***** Data provided
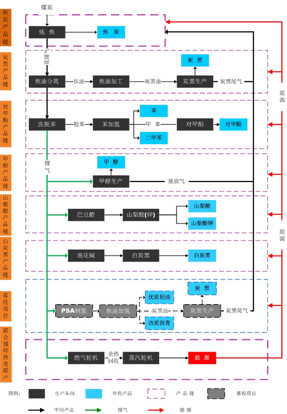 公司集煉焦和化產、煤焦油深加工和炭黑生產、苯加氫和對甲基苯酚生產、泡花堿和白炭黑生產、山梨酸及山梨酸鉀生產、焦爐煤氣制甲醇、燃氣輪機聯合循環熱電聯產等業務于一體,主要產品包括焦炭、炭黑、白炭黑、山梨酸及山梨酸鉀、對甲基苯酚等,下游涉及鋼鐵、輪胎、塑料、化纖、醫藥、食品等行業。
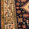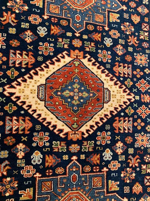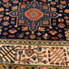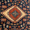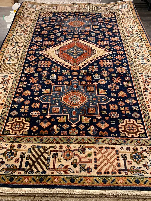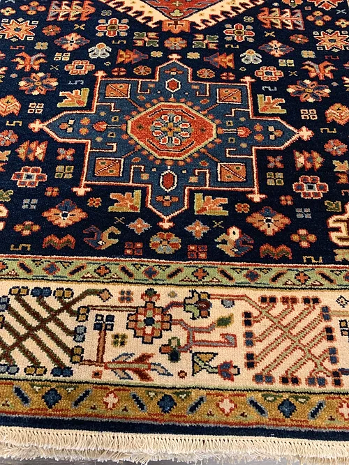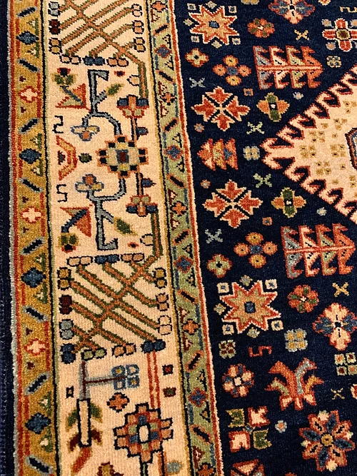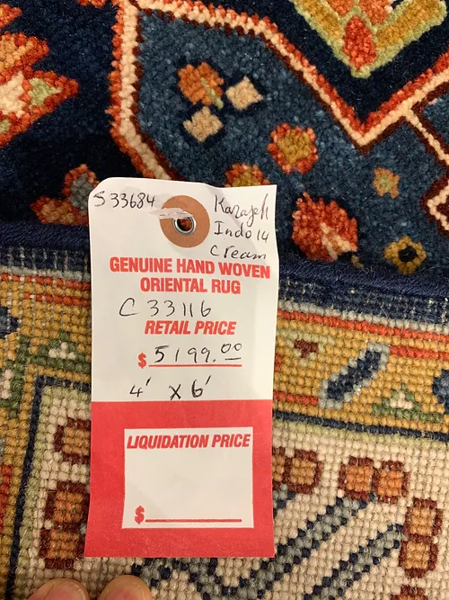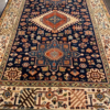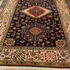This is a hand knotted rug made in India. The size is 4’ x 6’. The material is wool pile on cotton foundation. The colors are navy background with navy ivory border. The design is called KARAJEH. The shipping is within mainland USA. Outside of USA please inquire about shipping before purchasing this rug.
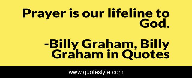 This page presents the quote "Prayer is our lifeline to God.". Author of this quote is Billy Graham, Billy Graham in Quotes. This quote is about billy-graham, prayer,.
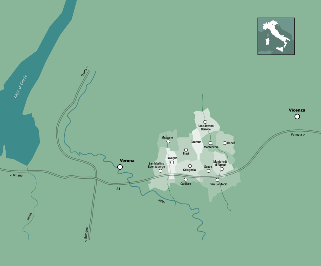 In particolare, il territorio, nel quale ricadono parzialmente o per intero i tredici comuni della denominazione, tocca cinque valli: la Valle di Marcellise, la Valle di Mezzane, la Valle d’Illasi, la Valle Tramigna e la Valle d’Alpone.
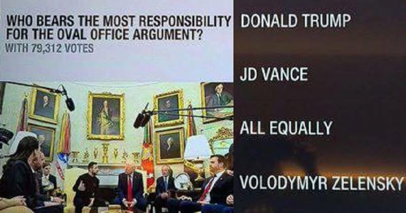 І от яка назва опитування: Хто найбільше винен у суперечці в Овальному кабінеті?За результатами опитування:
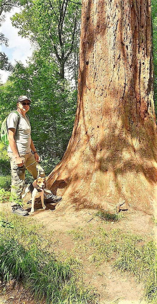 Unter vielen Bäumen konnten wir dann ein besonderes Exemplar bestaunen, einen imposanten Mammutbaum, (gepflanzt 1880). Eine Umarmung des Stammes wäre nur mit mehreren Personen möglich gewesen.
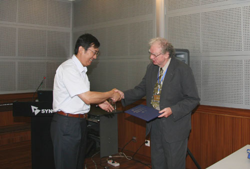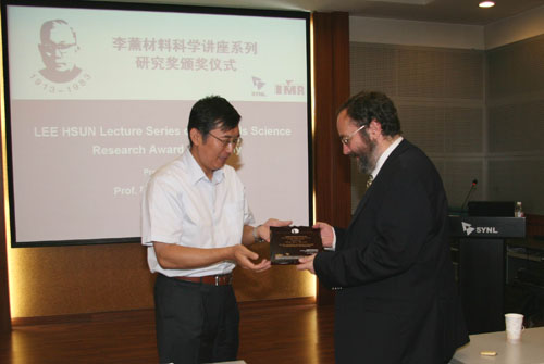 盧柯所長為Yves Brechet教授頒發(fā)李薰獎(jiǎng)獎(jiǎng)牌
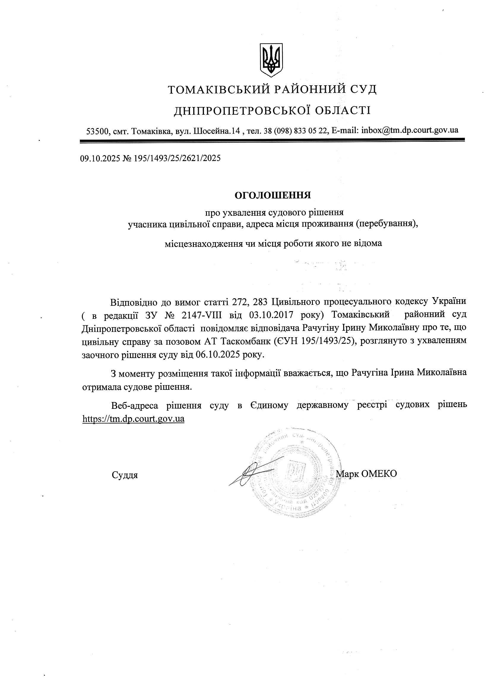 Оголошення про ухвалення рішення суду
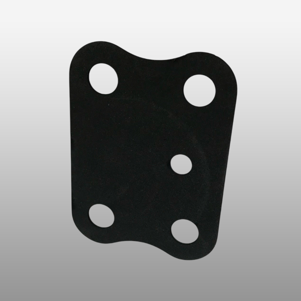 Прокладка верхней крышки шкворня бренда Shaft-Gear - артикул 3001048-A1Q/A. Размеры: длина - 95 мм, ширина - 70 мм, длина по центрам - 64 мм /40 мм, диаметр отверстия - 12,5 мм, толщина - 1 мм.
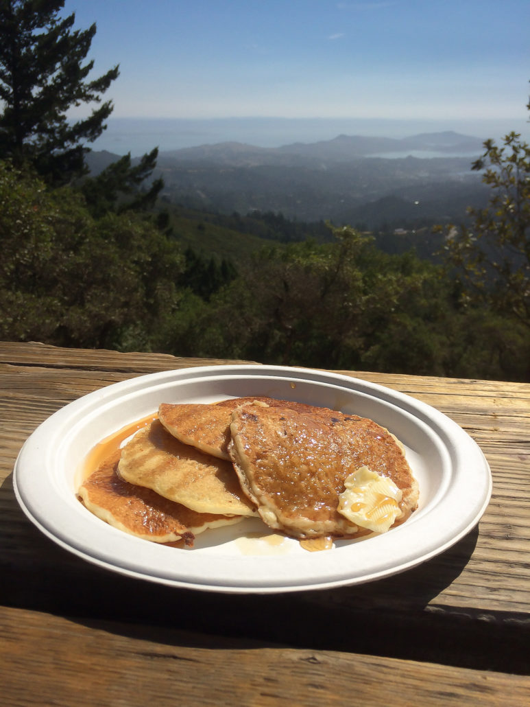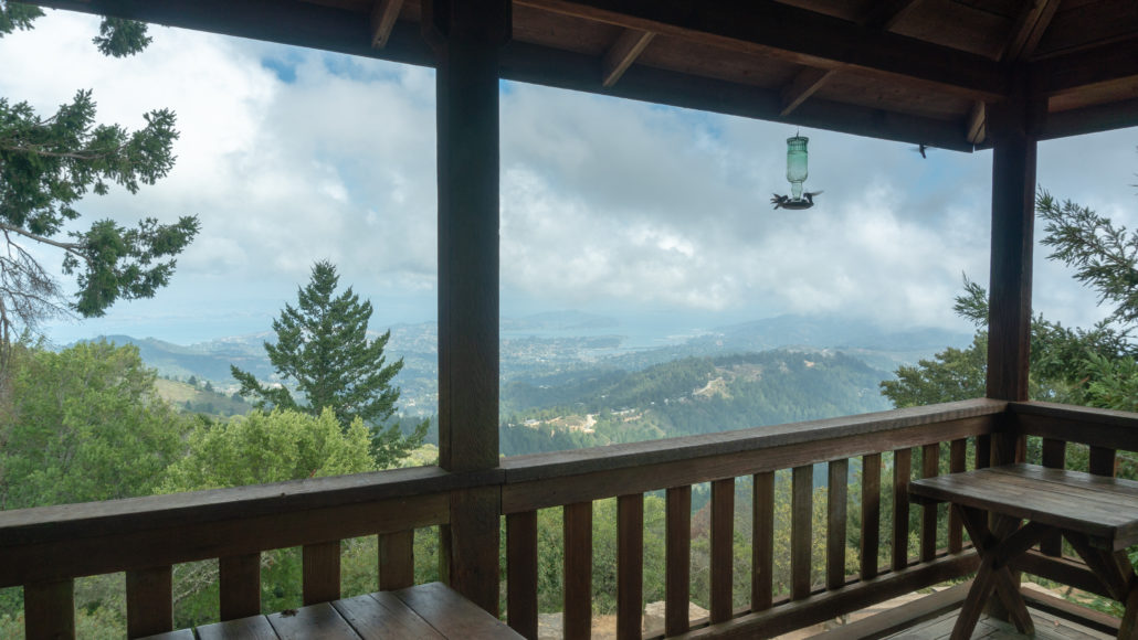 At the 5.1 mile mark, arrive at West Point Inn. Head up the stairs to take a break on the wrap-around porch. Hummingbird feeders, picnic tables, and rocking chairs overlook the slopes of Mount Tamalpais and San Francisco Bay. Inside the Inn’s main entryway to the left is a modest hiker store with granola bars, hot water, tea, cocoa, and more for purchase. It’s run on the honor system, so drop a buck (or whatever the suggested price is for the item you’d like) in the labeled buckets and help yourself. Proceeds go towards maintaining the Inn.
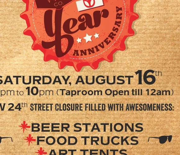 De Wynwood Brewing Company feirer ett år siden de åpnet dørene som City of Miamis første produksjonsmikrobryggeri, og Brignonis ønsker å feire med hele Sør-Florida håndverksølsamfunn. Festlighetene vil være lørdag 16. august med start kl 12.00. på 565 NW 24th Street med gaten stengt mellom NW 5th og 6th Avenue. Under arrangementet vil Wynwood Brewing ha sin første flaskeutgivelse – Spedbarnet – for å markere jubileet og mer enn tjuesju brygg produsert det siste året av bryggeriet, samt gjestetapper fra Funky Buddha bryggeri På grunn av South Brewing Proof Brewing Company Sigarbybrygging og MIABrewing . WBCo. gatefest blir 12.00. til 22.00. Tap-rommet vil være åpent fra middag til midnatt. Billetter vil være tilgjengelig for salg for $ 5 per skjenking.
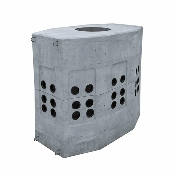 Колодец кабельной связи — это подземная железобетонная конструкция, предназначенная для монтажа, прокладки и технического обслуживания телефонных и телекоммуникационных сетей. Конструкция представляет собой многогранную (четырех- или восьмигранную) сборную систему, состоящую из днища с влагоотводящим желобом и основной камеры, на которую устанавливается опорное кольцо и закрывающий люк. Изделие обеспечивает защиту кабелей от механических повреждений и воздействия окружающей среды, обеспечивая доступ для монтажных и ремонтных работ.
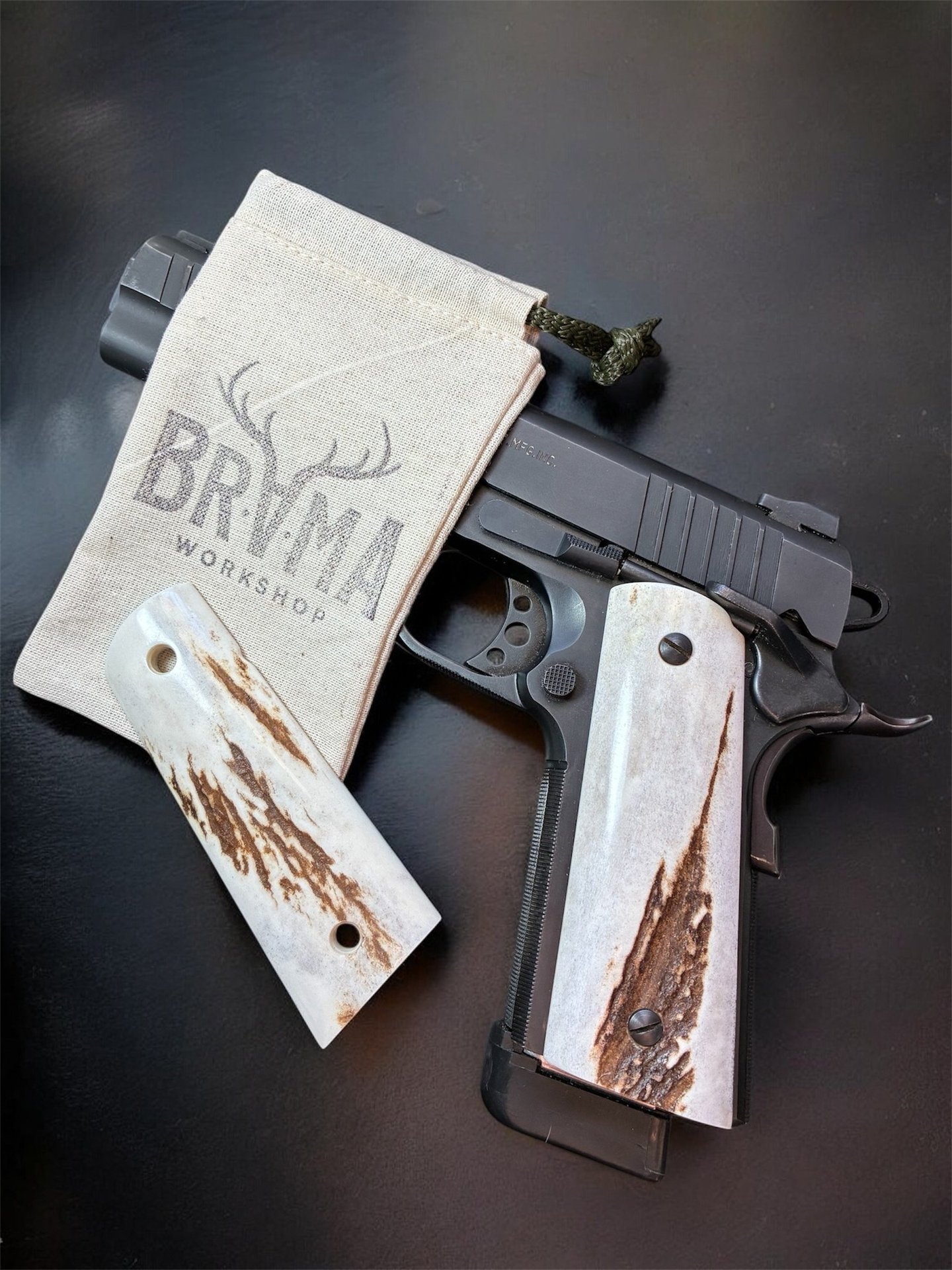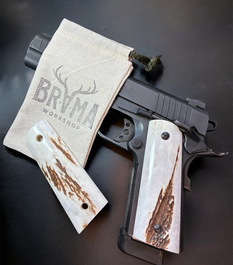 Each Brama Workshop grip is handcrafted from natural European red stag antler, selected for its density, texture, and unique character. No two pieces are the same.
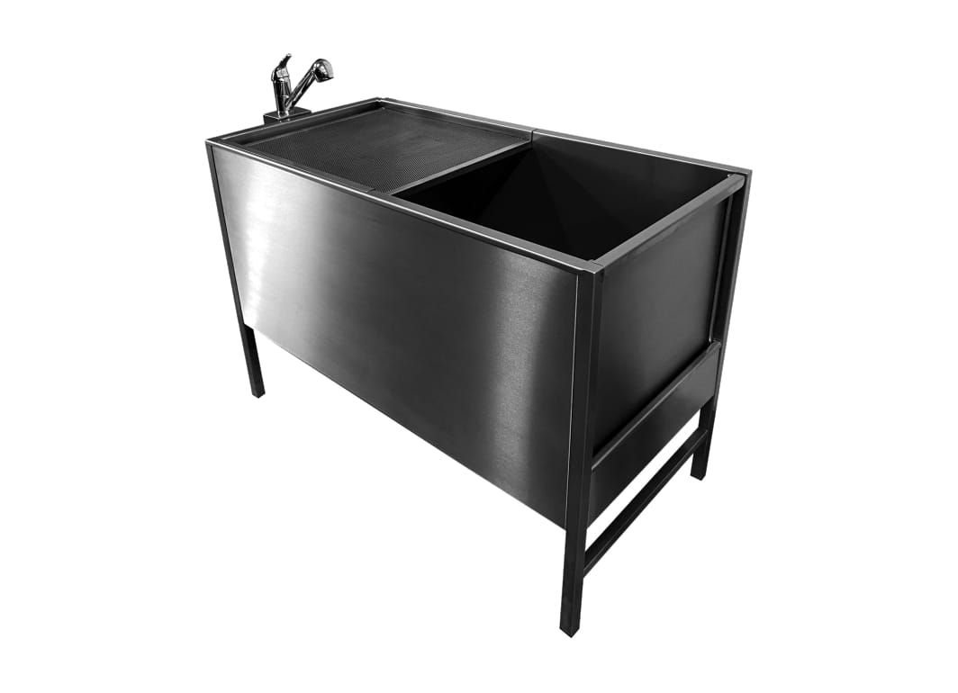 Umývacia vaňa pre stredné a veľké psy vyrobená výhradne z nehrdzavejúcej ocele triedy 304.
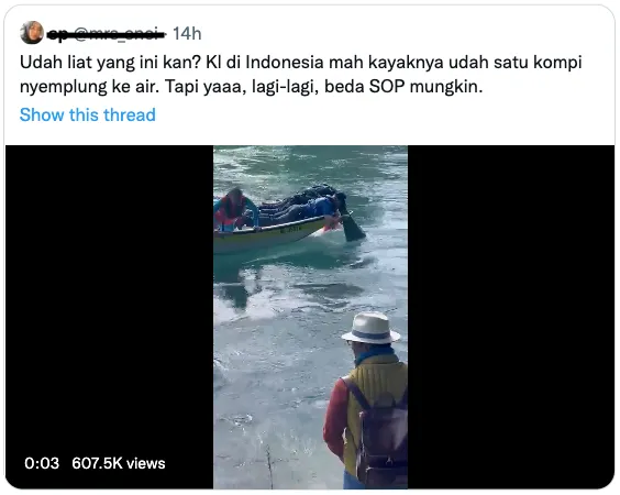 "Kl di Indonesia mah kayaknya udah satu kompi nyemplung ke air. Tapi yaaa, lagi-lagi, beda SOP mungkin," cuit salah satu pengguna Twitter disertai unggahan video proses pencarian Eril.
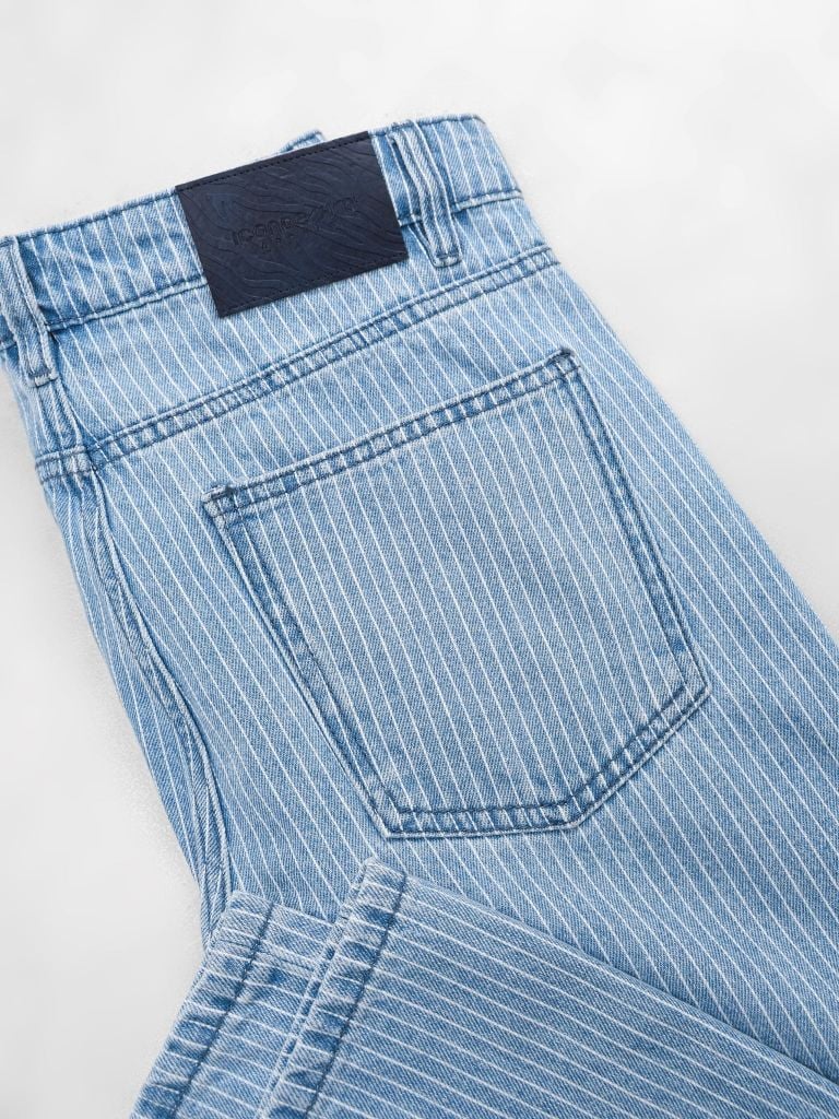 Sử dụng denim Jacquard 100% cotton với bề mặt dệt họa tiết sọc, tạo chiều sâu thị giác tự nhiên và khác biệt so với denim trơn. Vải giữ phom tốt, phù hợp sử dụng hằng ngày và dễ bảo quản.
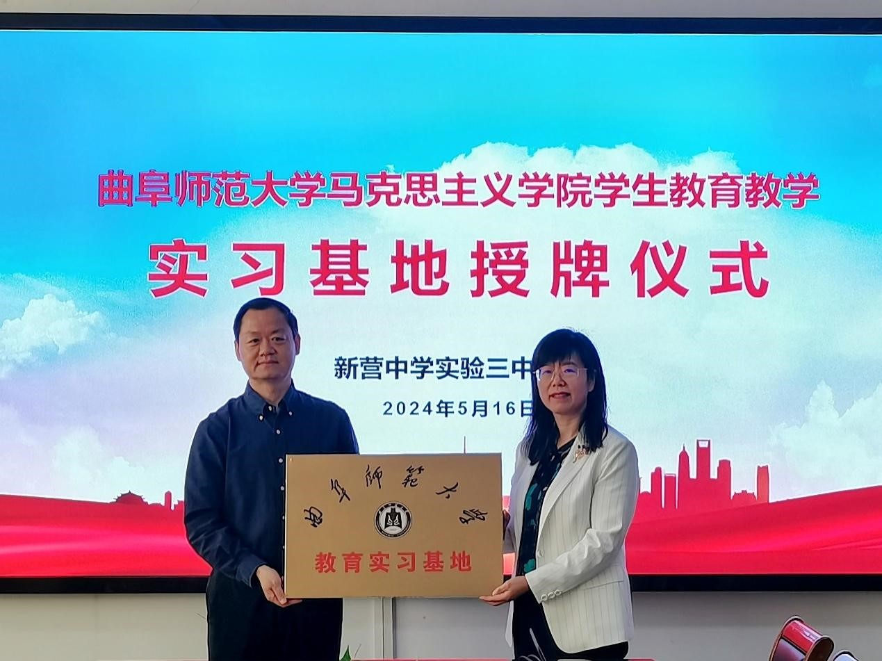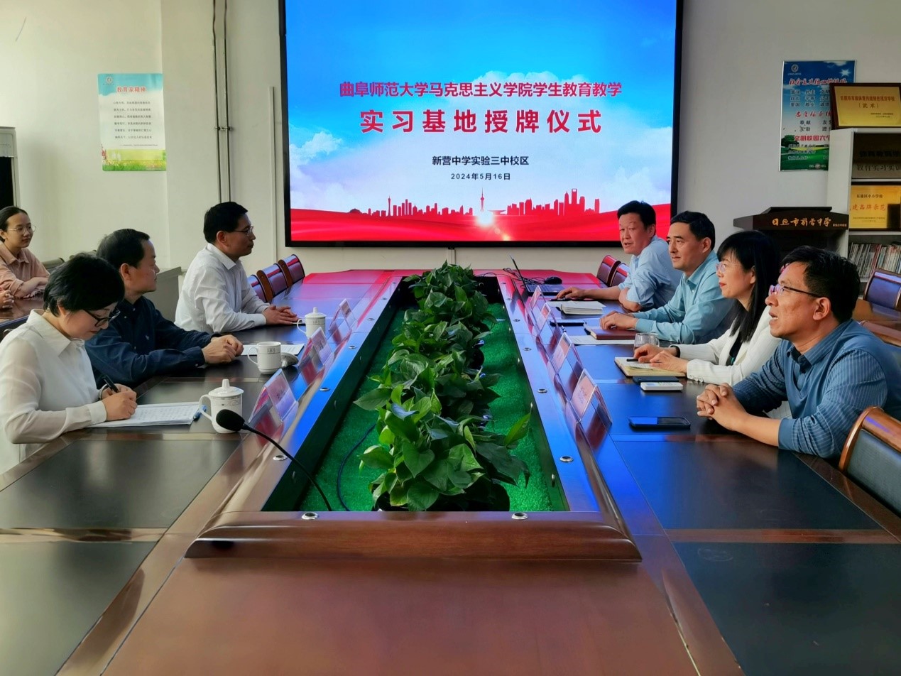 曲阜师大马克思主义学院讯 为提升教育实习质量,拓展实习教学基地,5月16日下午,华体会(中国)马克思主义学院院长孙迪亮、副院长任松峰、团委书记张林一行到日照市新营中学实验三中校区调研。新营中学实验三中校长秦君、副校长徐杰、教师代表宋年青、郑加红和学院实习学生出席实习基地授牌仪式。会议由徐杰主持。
**********
§ Exercise objective
Pictures are to be left out. Everything else in the records above gets repeated exactly.

§ Written reply
 公司集煉焦和化產、煤焦油深加工和炭黑生產、苯加氫和對甲基苯酚生產、泡花堿和白炭黑生產、山梨酸及山梨酸鉀生產、焦爐煤氣制甲醇、燃氣輪機聯合循環熱電聯產等業務于一體,主要產品包括焦炭、炭黑、白炭黑、山梨酸及山梨酸鉀、對甲基苯酚等,下游涉及鋼鐵、輪胎、塑料、化纖、醫藥、食品等行業。
This is a hand knotted rug made in India. The size is 4’ x 6’. The material is wool pile on cotton foundation. The colors are navy background with navy ivory border. The design is called KARAJEH. The shipping is within mainland USA. Outside of USA please inquire about shipping before purchasing this rug.
 This page presents the quote "Prayer is our lifeline to God.". Author of this quote is Billy Graham, Billy Graham in Quotes. This quote is about billy-graham, prayer,.
 In particolare, il territorio, nel quale ricadono parzialmente o per intero i tredici comuni della denominazione, tocca cinque valli: la Valle di Marcellise, la Valle di Mezzane, la Valle d’Illasi, la Valle Tramigna e la Valle d’Alpone.
 І от яка назва опитування: Хто найбільше винен у суперечці в Овальному кабінеті?За результатами опитування:
 Unter vielen Bäumen konnten wir dann ein besonderes Exemplar bestaunen, einen imposanten Mammutbaum, (gepflanzt 1880). Eine Umarmung des Stammes wäre nur mit mehreren Personen möglich gewesen.
 盧柯所長為Yves Brechet教授頒發(fā)李薰獎(jiǎng)獎(jiǎng)牌
 Оголошення про ухвалення рішення суду
 Прокладка верхней крышки шкворня бренда Shaft-Gear - артикул 3001048-A1Q/A. Размеры: длина - 95 мм, ширина - 70 мм, длина по центрам - 64 мм /40 мм, диаметр отверстия - 12,5 мм, толщина - 1 мм.
 At the 5.1 mile mark, arrive at West Point Inn. Head up the stairs to take a break on the wrap-around porch. Hummingbird feeders, picnic tables, and rocking chairs overlook the slopes of Mount Tamalpais and San Francisco Bay. Inside the Inn’s main entryway to the left is a modest hiker store with granola bars, hot water, tea, cocoa, and more for purchase. It’s run on the honor system, so drop a buck (or whatever the suggested price is for the item you’d like) in the labeled buckets and help yourself. Proceeds go towards maintaining the Inn.
 De Wynwood Brewing Company feirer ett år siden de åpnet dørene som City of Miamis første produksjonsmikrobryggeri, og Brignonis ønsker å feire med hele Sør-Florida håndverksølsamfunn. Festlighetene vil være lørdag 16. august med start kl 12.00. på 565 NW 24th Street med gaten stengt mellom NW 5th og 6th Avenue. Under arrangementet vil Wynwood Brewing ha sin første flaskeutgivelse – Spedbarnet – for å markere jubileet og mer enn tjuesju brygg produsert det siste året av bryggeriet, samt gjestetapper fra Funky Buddha bryggeri På grunn av South Brewing Proof Brewing Company Sigarbybrygging og MIABrewing . WBCo. gatefest blir 12.00. til 22.00. Tap-rommet vil være åpent fra middag til midnatt. Billetter vil være tilgjengelig for salg for $ 5 per skjenking.
 Колодец кабельной связи — это подземная железобетонная конструкция, предназначенная для монтажа, прокладки и технического обслуживания телефонных и телекоммуникационных сетей. Конструкция представляет собой многогранную (четырех- или восьмигранную) сборную систему, состоящую из днища с влагоотводящим желобом и основной камеры, на которую устанавливается опорное кольцо и закрывающий люк. Изделие обеспечивает защиту кабелей от механических повреждений и воздействия окружающей среды, обеспечивая доступ для монтажных и ремонтных работ.
 Each Brama Workshop grip is handcrafted from natural European red stag antler, selected for its density, texture, and unique character. No two pieces are the same.
 Umývacia vaňa pre stredné a veľké psy vyrobená výhradne z nehrdzavejúcej ocele triedy 304.
 "Kl di Indonesia mah kayaknya udah satu kompi nyemplung ke air. Tapi yaaa, lagi-lagi, beda SOP mungkin," cuit salah satu pengguna Twitter disertai unggahan video proses pencarian Eril.
 Sử dụng denim Jacquard 100% cotton với bề mặt dệt họa tiết sọc, tạo chiều sâu thị giác tự nhiên và khác biệt so với denim trơn. Vải giữ phom tốt, phù hợp sử dụng hằng ngày và dễ bảo quản.
 曲阜师大马克思主义学院讯 为提升教育实习质量,拓展实习教学基地,5月16日下午,华体会(中国)马克思主义学院院长孙迪亮、副院长任松峰、团委书记张林一行到日照市新营中学实验三中校区调研。新营中学实验三中校长秦君、副校长徐杰、教师代表宋年青、郑加红和学院实习学生出席实习基地授牌仪式。会议由徐杰主持。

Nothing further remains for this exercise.